**Exercise instructions:** Your response should contain only the lines running from the top of the data below through the line with "Zuschauer gab es", both included. Pictures must be omitted.

**Supplied entries:**
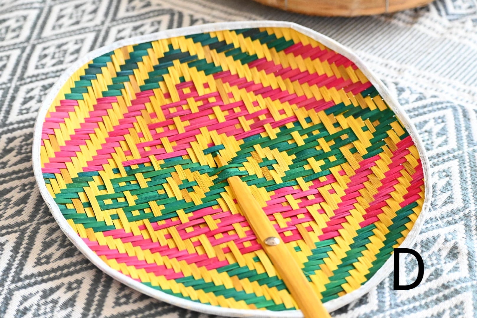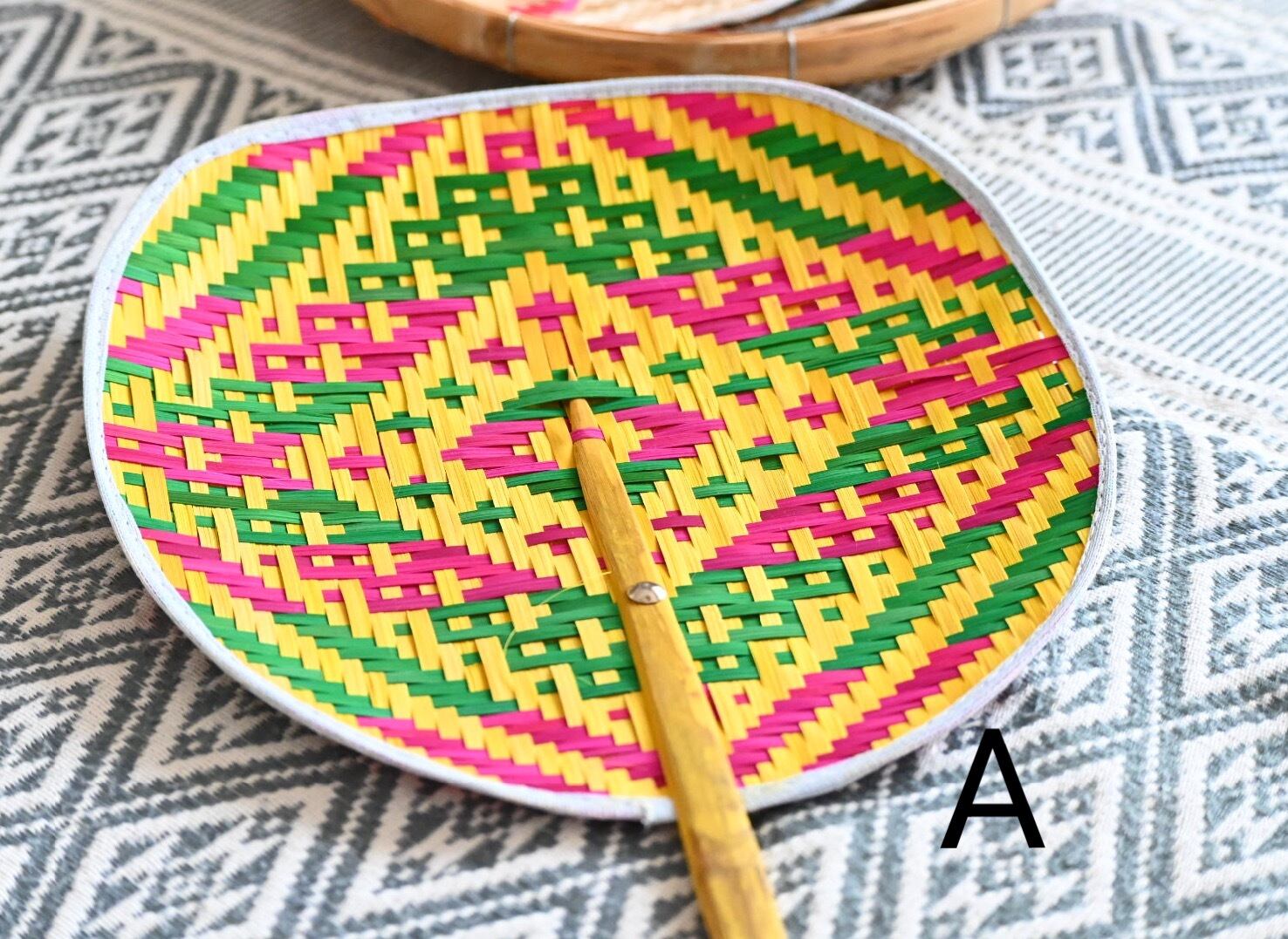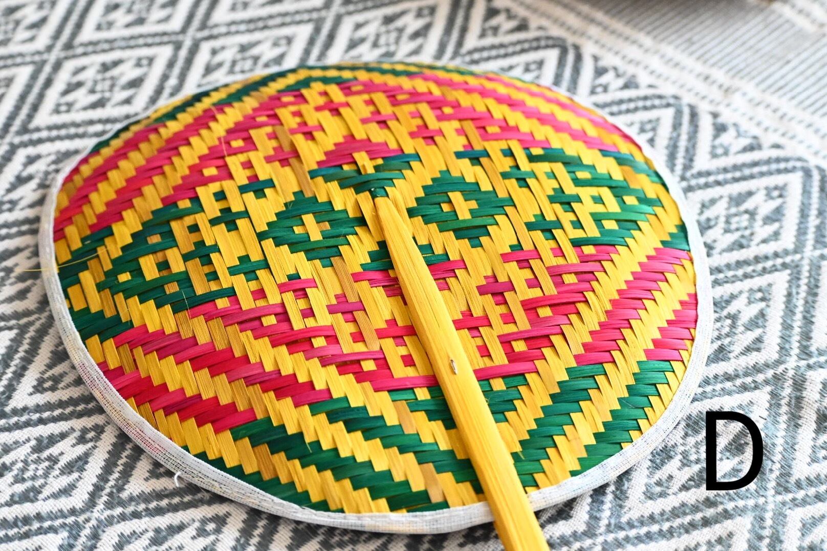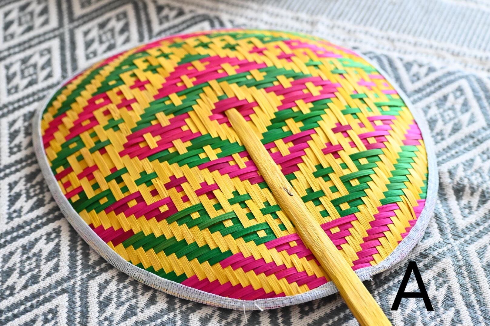 それからこのうちわに限りませんが、タイの自然素材の製品は防虫のため燻して仕上げています。そのため燻した香りが少しまだ残っている場合があります。ご了承ください。
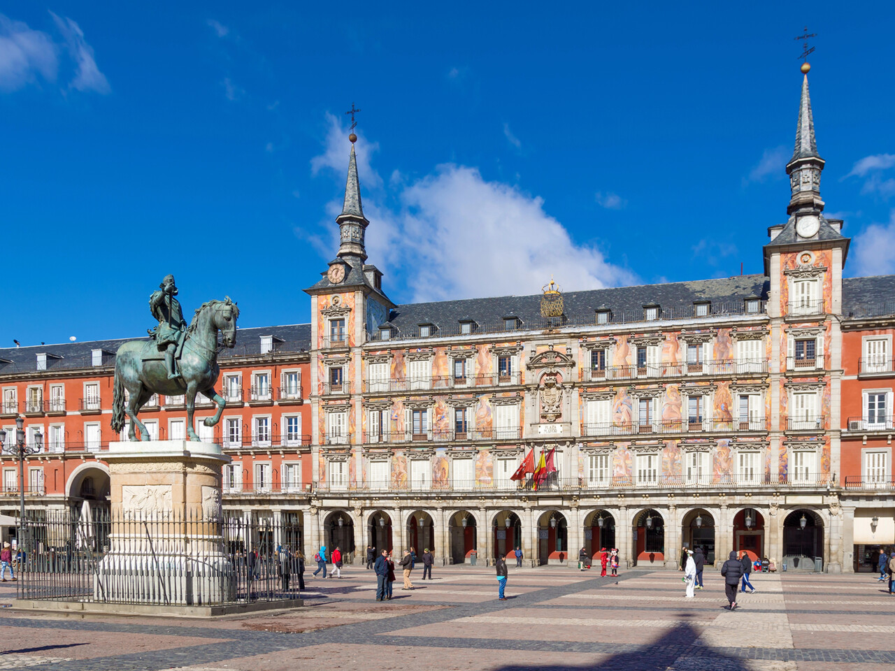 Sastanak putnika u Zračnoj luci Franjo Tuđman Zagreb dva sata prije polaska zrakoplova. Prijava na let zrakoplovom kompanije Croatia Airlines za Madrid na liniji OU372 u 07:40. Po dolasku u 10:20, nakon obavljanja carinskih formalnosti transfer do hotela i smještaj. Nakon kraćeg odmora javnim prijevozom stižemo do žile kucavice Španjolske prijestolnice - Gran Vie te se prošetati do dva glavna gradska trga: Puerta del Sol i Plaza Mayor. Vibrantni, živopisni trgovi su okruženi uličicama prepunih restorana, tapas barova, šarmantnih terasa gdje možete pojesti neki od tipičnih španjolskih specijaliteta, a s obzirom da je Madrid grad s najviše restorana i barova po glavi stanovnika, sigurni smo da ćete pronaći nešto za sebe. Svakako predlažemo posjet Mercadu de San Miguel, gdje tapasi i svježe namirnice mirisima mame prolaznike. U dogovoreno vrijeme sastanak sa vodičem te zajednički povratak grupe u hotel. Noćenje.
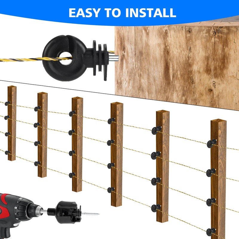 - 【EASY TO INSTALL】- Insulator can be easily screwed into the wooden fence by hand. Comes with an insulator socket tool, can be used to connect the insulators and electric drill directly, more labor saving and efficiency.
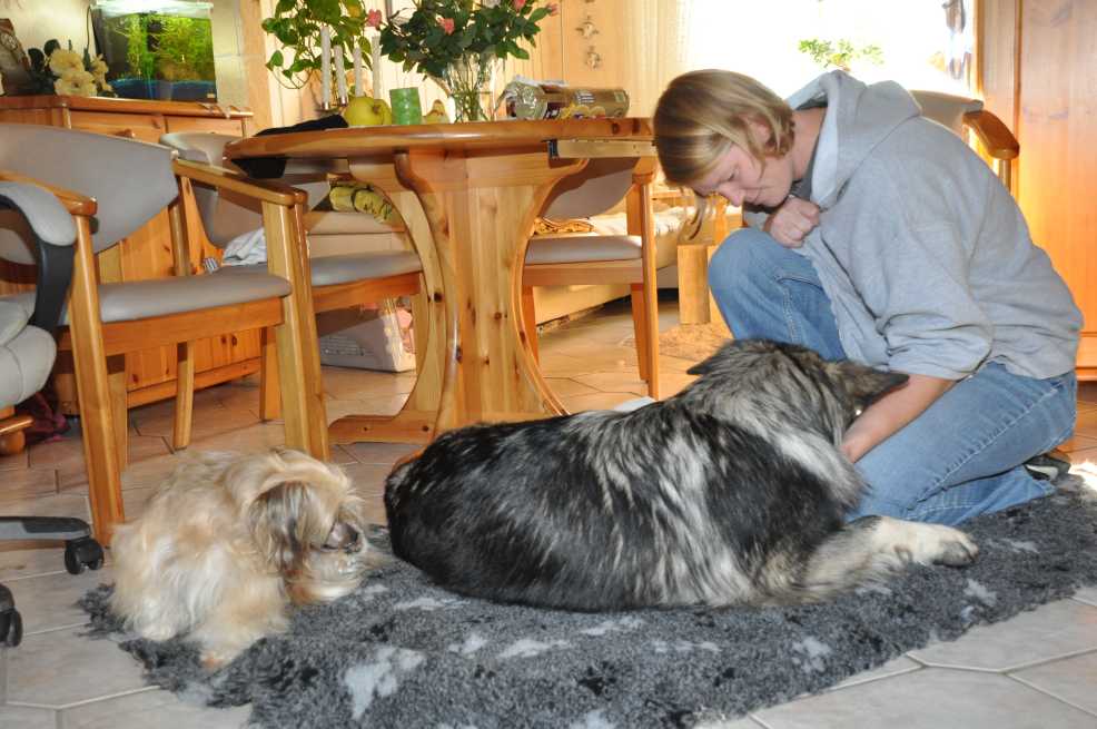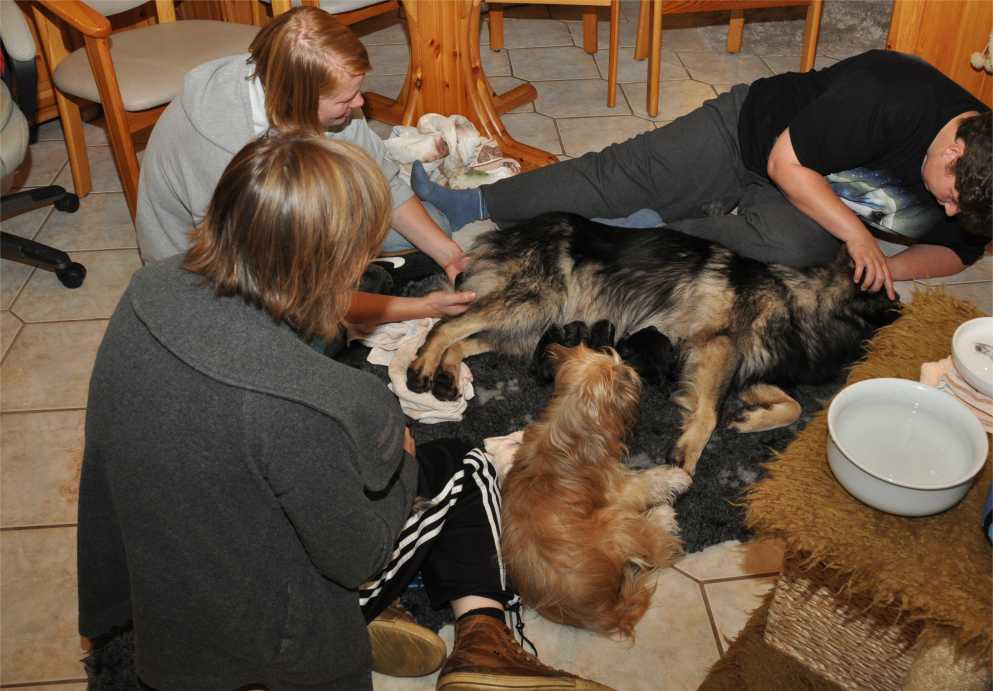 Zuschauer gab es genug, Laetina beleidigt, wollte sie doch unbedingt die Baby`s haben Kana die eh in "Ohnmacht" gefallen war und wirklich außer den Wehen nichts machte, noch nicht einmal gehechelt hat sie, auch die Atmung blieb gleichmäßig ruhig. Wenn ich sie bewegen wollte musste sie ohne Scherz erst einmal gezwungen werden, die Augen aufzumachen. Die Babys hätte sie übrigens liebend gerne an Laetina und an jeden der eins haben wollte hergeschenkt! :-) Wir hatten wirklich einen tollen Abend, es war lustig und entspannt ohne Ende, Die Geburt war eigentlich ein Spaziergang, wenn man von Chakana`s ""Bewustlosigkeit"", die aber immer blitzschnell unterbrochen wurde, wenn man ihr einen Topf mit Leckereien hinhielt Quark mit Eigelb und Tartar war der Favorit :-) nur um.. wenn das alle war.. wieder in "Ohnmacht" zu fallen, mal absieht :-)
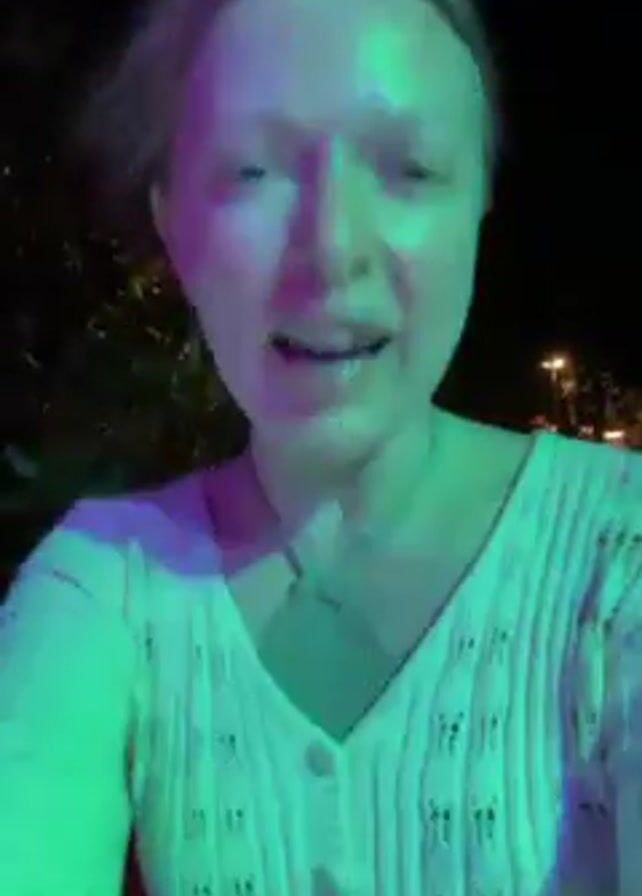 A young woman with fair hair is recording a video of herself. She is wearing a white, long-sleeved shirt with a V-neck. The video is lit by colored lights, alternating between blue, red, purple, and green. The background is dark with hints of foliage and a street lamp. The woman is looking at the camera and talking. The lighting is constantly changing, altering her appearance.

**Exercise response:**
 それからこのうちわに限りませんが、タイの自然素材の製品は防虫のため燻して仕上げています。そのため燻した香りが少しまだ残っている場合があります。ご了承ください。
 Sastanak putnika u Zračnoj luci Franjo Tuđman Zagreb dva sata prije polaska zrakoplova. Prijava na let zrakoplovom kompanije Croatia Airlines za Madrid na liniji OU372 u 07:40. Po dolasku u 10:20, nakon obavljanja carinskih formalnosti transfer do hotela i smještaj. Nakon kraćeg odmora javnim prijevozom stižemo do žile kucavice Španjolske prijestolnice - Gran Vie te se prošetati do dva glavna gradska trga: Puerta del Sol i Plaza Mayor. Vibrantni, živopisni trgovi su okruženi uličicama prepunih restorana, tapas barova, šarmantnih terasa gdje možete pojesti neki od tipičnih španjolskih specijaliteta, a s obzirom da je Madrid grad s najviše restorana i barova po glavi stanovnika, sigurni smo da ćete pronaći nešto za sebe. Svakako predlažemo posjet Mercadu de San Miguel, gdje tapasi i svježe namirnice mirisima mame prolaznike. U dogovoreno vrijeme sastanak sa vodičem te zajednički povratak grupe u hotel. Noćenje.
 - 【EASY TO INSTALL】- Insulator can be easily screwed into the wooden fence by hand. Comes with an insulator socket tool, can be used to connect the insulators and electric drill directly, more labor saving and efficiency.
 Zuschauer gab es genug, Laetina beleidigt, wollte sie doch unbedingt die Baby`s haben Kana die eh in "Ohnmacht" gefallen war und wirklich außer den Wehen nichts machte, noch nicht einmal gehechelt hat sie, auch die Atmung blieb gleichmäßig ruhig. Wenn ich sie bewegen wollte musste sie ohne Scherz erst einmal gezwungen werden, die Augen aufzumachen. Die Babys hätte sie übrigens liebend gerne an Laetina und an jeden der eins haben wollte hergeschenkt! :-) Wir hatten wirklich einen tollen Abend, es war lustig und entspannt ohne Ende, Die Geburt war eigentlich ein Spaziergang, wenn man von Chakana`s ""Bewustlosigkeit"", die aber immer blitzschnell unterbrochen wurde, wenn man ihr einen Topf mit Leckereien hinhielt Quark mit Eigelb und Tartar war der Favorit :-) nur um.. wenn das alle war.. wieder in "Ohnmacht" zu fallen, mal absieht :-)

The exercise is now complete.